### RECORDS
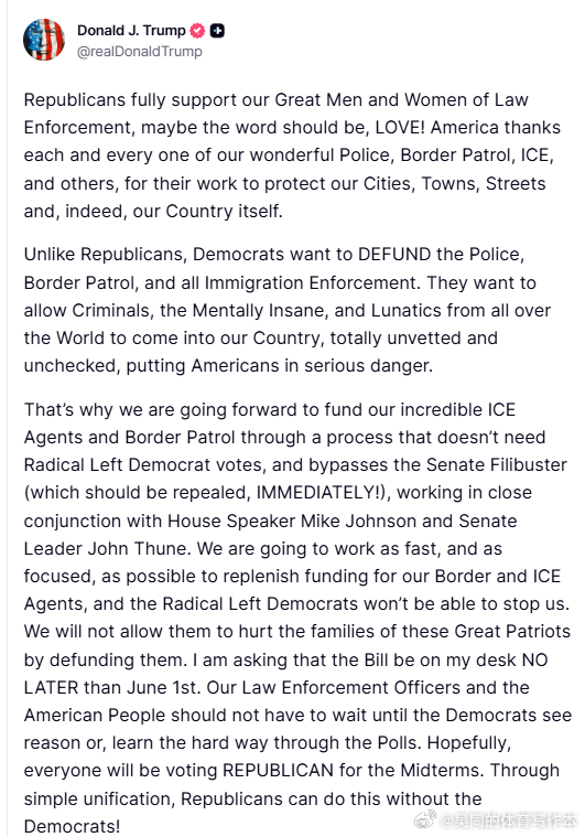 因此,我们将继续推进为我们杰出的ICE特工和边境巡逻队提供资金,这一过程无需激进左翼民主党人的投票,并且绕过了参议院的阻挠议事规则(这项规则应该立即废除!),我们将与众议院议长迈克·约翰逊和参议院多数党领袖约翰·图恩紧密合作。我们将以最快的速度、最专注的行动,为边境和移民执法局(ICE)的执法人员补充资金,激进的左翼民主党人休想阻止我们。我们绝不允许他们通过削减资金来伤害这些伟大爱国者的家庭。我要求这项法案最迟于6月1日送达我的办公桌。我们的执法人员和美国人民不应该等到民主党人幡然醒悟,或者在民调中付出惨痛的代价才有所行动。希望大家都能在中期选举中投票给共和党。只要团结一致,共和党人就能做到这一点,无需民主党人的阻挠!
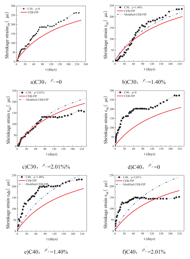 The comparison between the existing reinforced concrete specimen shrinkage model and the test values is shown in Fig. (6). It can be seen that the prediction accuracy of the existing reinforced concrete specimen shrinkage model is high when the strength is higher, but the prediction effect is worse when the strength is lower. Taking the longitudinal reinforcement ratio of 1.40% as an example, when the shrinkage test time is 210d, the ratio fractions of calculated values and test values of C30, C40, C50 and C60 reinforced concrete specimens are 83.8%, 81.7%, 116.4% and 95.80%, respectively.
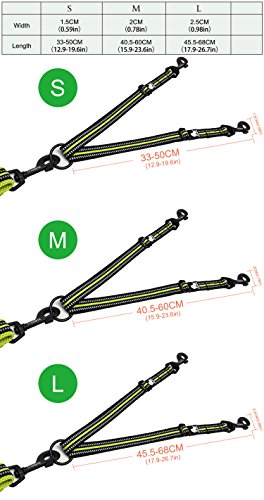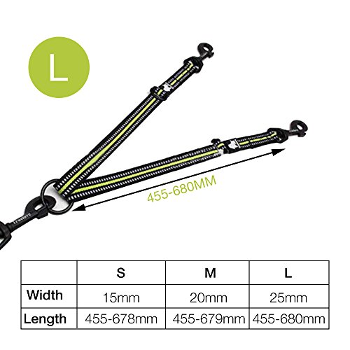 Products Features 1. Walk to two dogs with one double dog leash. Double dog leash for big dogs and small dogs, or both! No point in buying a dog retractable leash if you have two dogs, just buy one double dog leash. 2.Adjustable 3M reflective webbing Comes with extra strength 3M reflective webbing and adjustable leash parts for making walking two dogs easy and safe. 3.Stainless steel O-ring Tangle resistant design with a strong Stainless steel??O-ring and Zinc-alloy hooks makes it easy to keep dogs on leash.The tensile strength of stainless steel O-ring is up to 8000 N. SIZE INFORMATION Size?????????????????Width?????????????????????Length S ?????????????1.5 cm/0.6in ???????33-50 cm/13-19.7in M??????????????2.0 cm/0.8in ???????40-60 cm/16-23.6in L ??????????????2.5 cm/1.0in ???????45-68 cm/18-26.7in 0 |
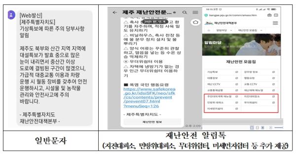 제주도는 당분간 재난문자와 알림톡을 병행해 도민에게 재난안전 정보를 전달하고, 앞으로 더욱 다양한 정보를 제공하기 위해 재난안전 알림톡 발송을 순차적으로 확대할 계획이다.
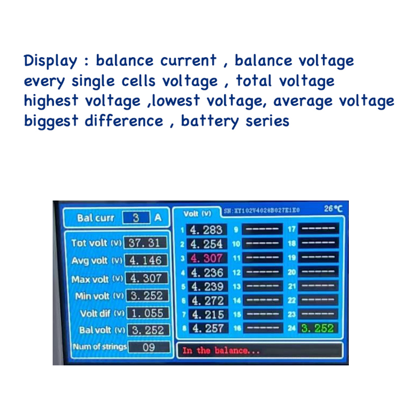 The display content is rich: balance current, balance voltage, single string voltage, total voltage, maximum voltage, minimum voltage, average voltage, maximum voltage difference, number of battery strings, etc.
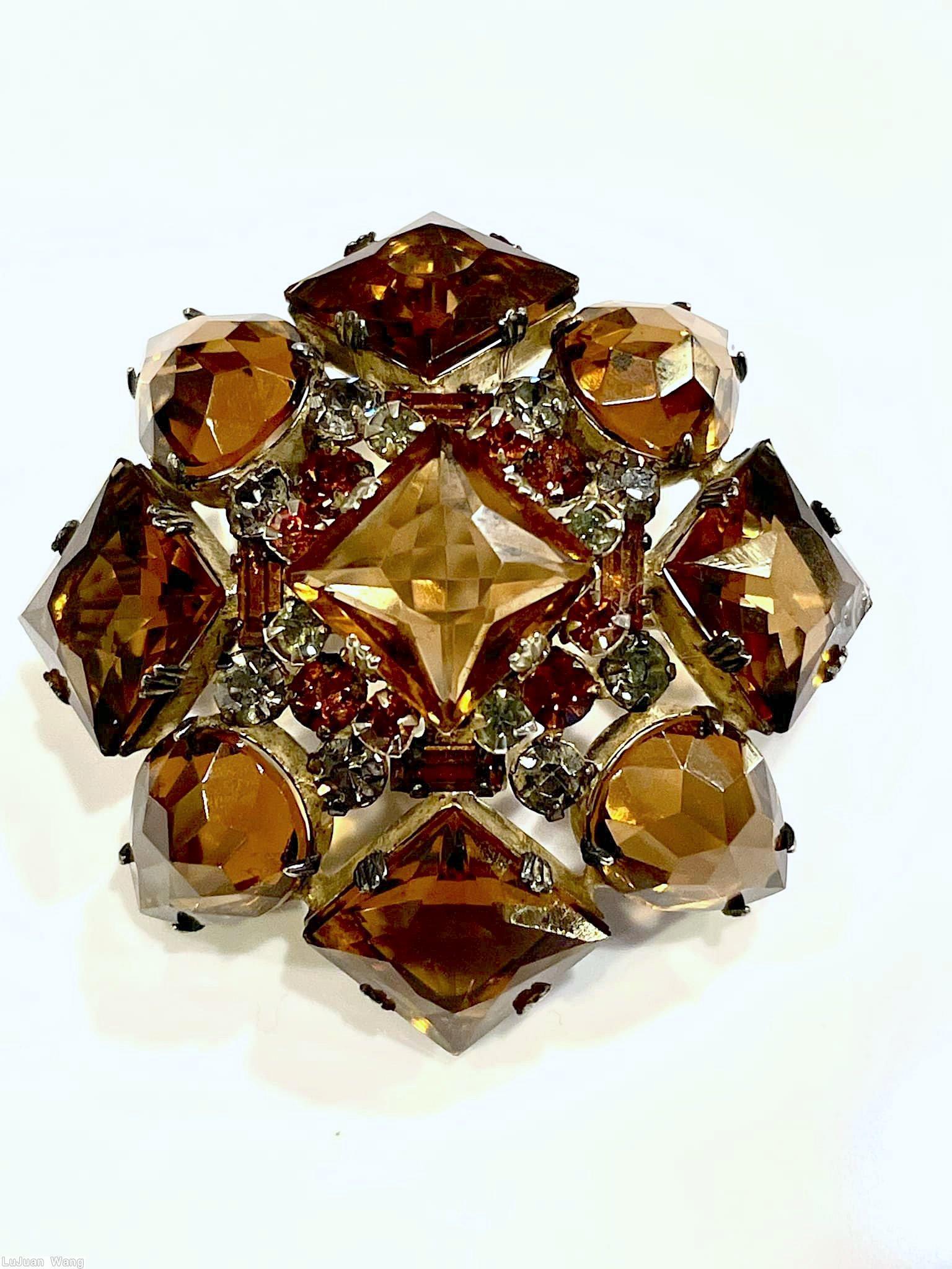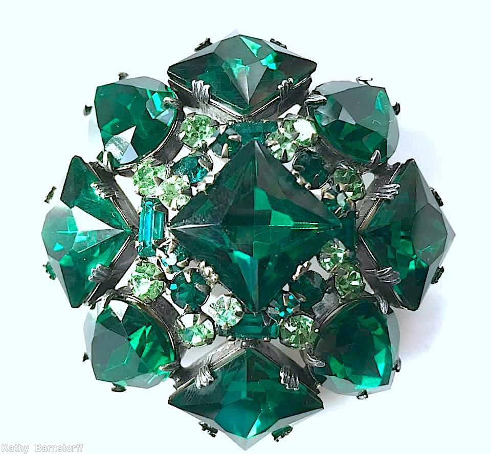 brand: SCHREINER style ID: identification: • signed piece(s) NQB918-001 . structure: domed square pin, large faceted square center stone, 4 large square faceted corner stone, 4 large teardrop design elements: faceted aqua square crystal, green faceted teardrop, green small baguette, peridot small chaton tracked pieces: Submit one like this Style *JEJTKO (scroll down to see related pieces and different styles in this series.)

...

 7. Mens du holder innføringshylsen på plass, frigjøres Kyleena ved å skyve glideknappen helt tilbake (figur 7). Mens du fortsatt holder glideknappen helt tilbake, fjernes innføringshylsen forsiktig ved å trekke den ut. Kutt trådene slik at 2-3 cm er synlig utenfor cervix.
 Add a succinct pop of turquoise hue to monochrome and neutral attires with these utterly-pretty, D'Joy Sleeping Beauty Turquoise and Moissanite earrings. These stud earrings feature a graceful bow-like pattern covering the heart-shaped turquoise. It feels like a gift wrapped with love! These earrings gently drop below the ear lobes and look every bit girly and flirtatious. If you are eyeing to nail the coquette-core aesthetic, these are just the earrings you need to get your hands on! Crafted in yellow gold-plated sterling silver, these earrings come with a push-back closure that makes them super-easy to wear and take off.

--

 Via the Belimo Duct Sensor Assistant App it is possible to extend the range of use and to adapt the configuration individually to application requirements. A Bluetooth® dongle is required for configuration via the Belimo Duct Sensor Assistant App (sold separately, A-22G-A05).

### EXERCISE PROMPT
An exact transcription is needed of the lines from the one with "因此,我们将继续推进为我们杰" to the one with "The comparison between" above, both ends included, with pictures left out.

### OUTPUT BELOW
 因此,我们将继续推进为我们杰出的ICE特工和边境巡逻队提供资金,这一过程无需激进左翼民主党人的投票,并且绕过了参议院的阻挠议事规则(这项规则应该立即废除!),我们将与众议院议长迈克·约翰逊和参议院多数党领袖约翰·图恩紧密合作。我们将以最快的速度、最专注的行动,为边境和移民执法局(ICE)的执法人员补充资金,激进的左翼民主党人休想阻止我们。我们绝不允许他们通过削减资金来伤害这些伟大爱国者的家庭。我要求这项法案最迟于6月1日送达我的办公桌。我们的执法人员和美国人民不应该等到民主党人幡然醒悟,或者在民调中付出惨痛的代价才有所行动。希望大家都能在中期选举中投票给共和党。只要团结一致,共和党人就能做到这一点,无需民主党人的阻挠!
 The comparison between the existing reinforced concrete specimen shrinkage model and the test values is shown in Fig. (6). It can be seen that the prediction accuracy of the existing reinforced concrete specimen shrinkage model is high when the strength is higher, but the prediction effect is worse when the strength is lower. Taking the longitudinal reinforcement ratio of 1.40% as an example, when the shrinkage test time is 210d, the ratio fractions of calculated values and test values of C30, C40, C50 and C60 reinforced concrete specimens are 83.8%, 81.7%, 116.4% and 95.80%, respectively.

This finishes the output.